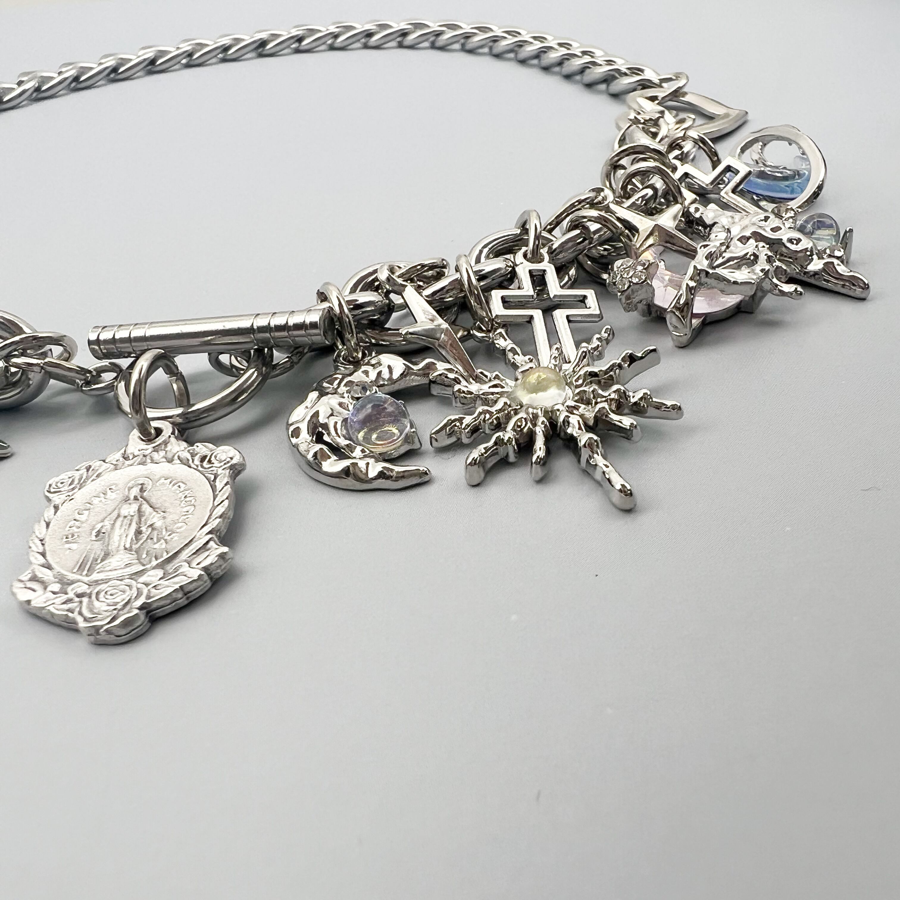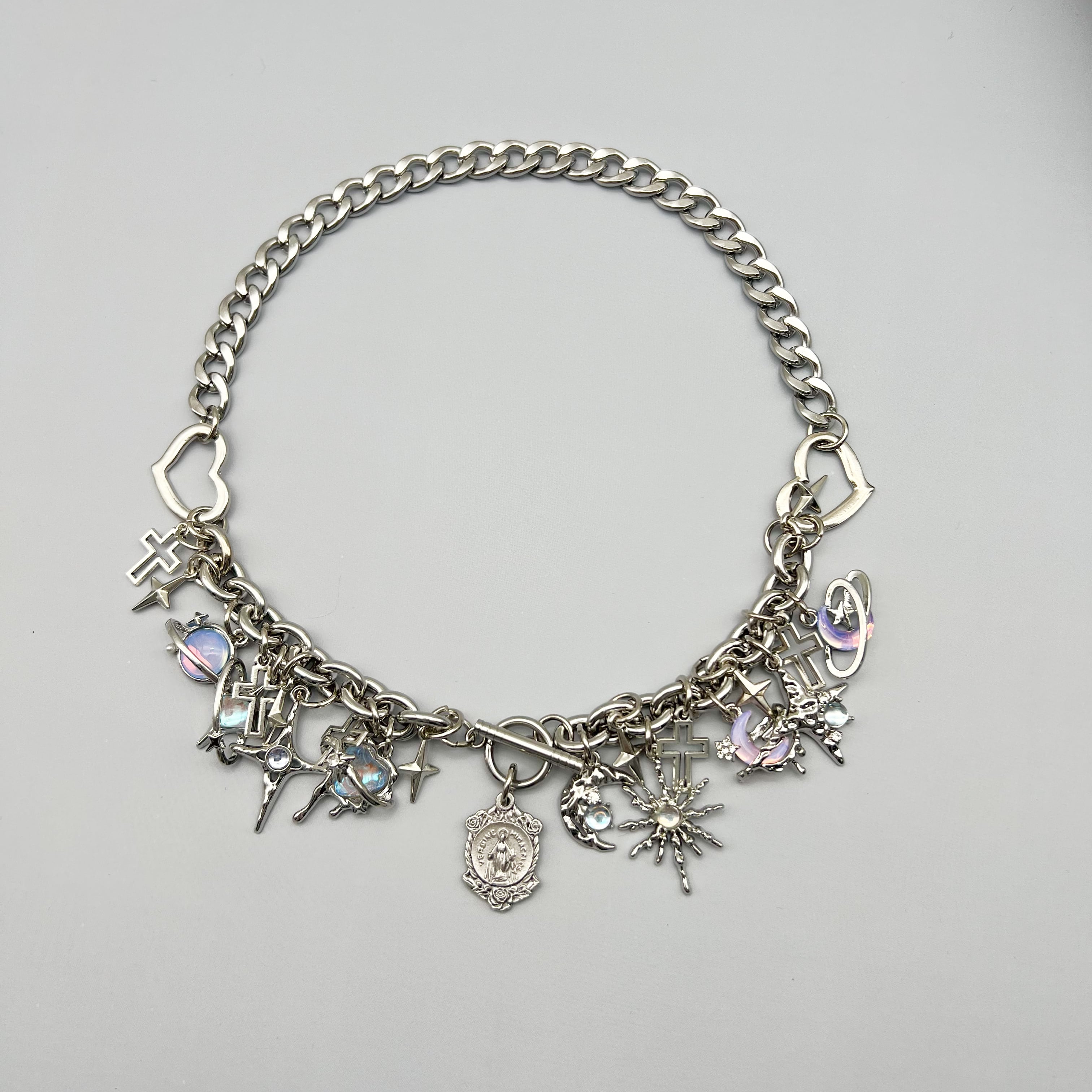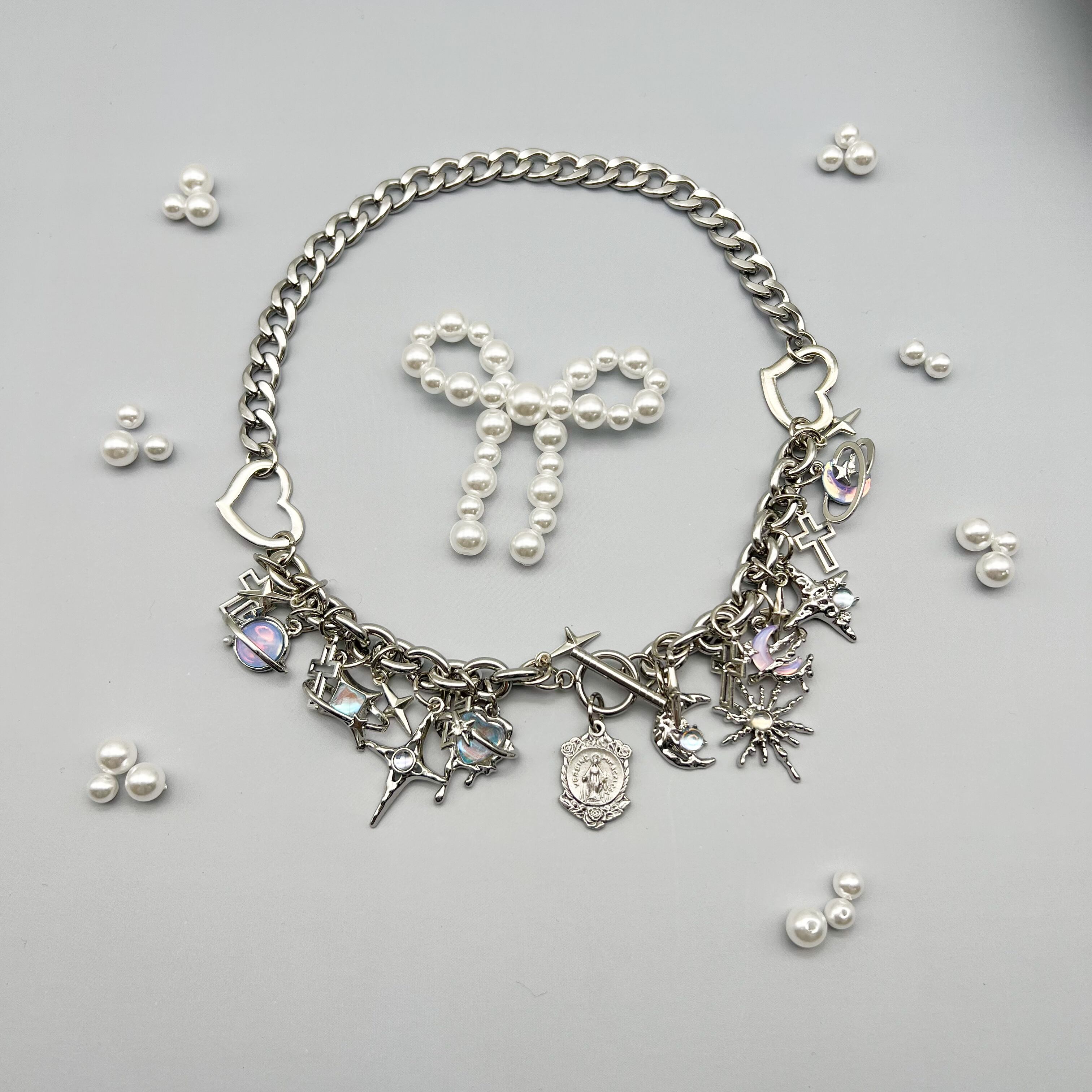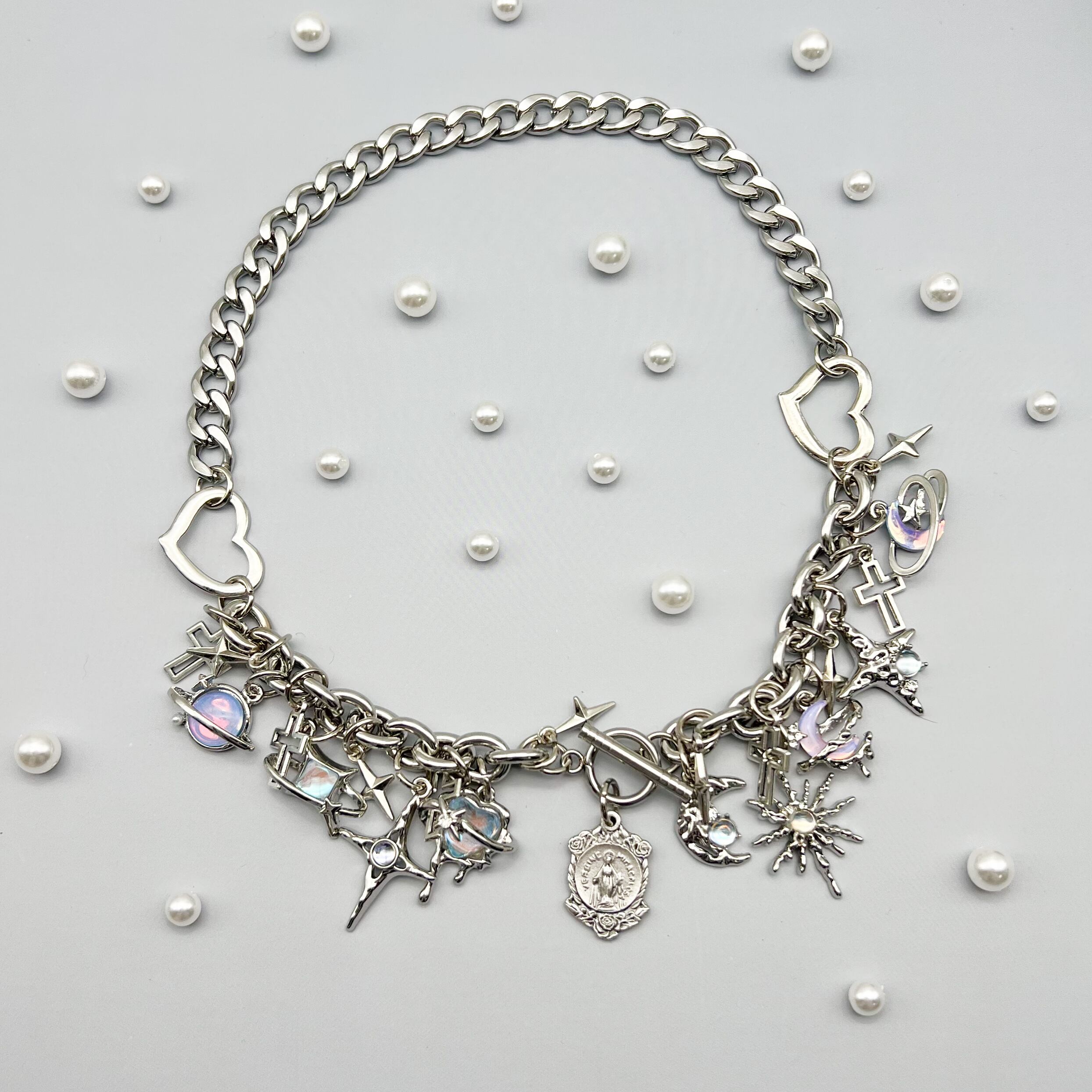 2種類のチェーンをハートチャームで繋ぎ合わせました。
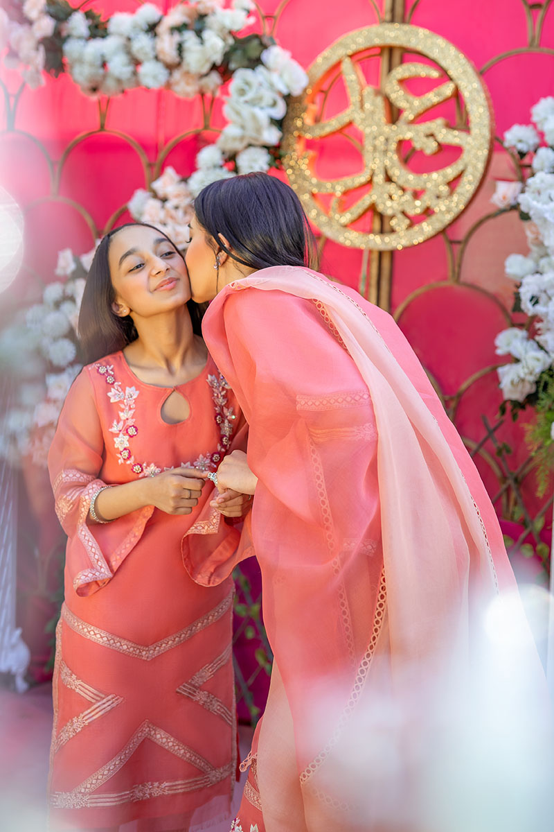 This vibrant coral hue is a Spring favorite.Organza shirt with embroidery and sequins embellisehd neckline with laces finish on sleeves.Perfect outfits to pair with your little one any festive occasion.It comes along with silk slip and korean silk pants.
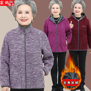 中老年人妈妈装春秋摇粒绒上衣70奶奶秋冬加绒薄棉衣...
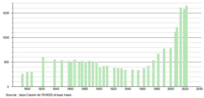 L'évolution du nombre d'habitants est connue à travers les recensements de la population effectués dans la commune depuis 1793. Pour les communes de moins de 10 000 habitants, une enquête de recensement portant sur toute la population est réalisée tous les cinq ans, les populations légales des années intermédiaires étant quant à elles estimées par interpolation ou extrapolation[18]. Pour la commune, le premier recensement exhaustif entrant dans le cadre du nouveau dispositif a été réalisé en 2008[19].
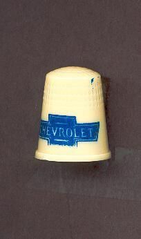 Cream coloured plastic advertising thimble with blue printing. 'CHEVROLET'. U.S.A. 8 in apex.
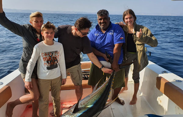 Gulf of Oman is rich in variety of fishes including Mahi Mahi (Dorodo), Yellowfin Tuna, Blufin Tuna and Barracuda. Our Omani captains are good sound knowledge about best fishing places in Muscat waters on the day. Boats are equipped with professional right equipments. Enjoy fishing experience in the stunning waters of Oman on board 'Big Catch', Muscat's premier sea tours organizer sidab sea tours game fishing charter boat. recommend you always wear a hat, sunscreen and clothing which will protect you from the sun.

## Work instructions
Return exactly what appears from the opening line of the material through the line with "L'évolution du nombre", apart from the pictures.

## Output for this task
 2種類のチェーンをハートチャームで繋ぎ合わせました。
 This vibrant coral hue is a Spring favorite.Organza shirt with embroidery and sequins embellisehd neckline with laces finish on sleeves.Perfect outfits to pair with your little one any festive occasion.It comes along with silk slip and korean silk pants.
 中老年人妈妈装春秋摇粒绒上衣70奶奶秋冬加绒薄棉衣...
 L'évolution du nombre d'habitants est connue à travers les recensements de la population effectués dans la commune depuis 1793. Pour les communes de moins de 10 000 habitants, une enquête de recensement portant sur toute la population est réalisée tous les cinq ans, les populations légales des années intermédiaires étant quant à elles estimées par interpolation ou extrapolation[18]. Pour la commune, le premier recensement exhaustif entrant dans le cadre du nouveau dispositif a été réalisé en 2008[19].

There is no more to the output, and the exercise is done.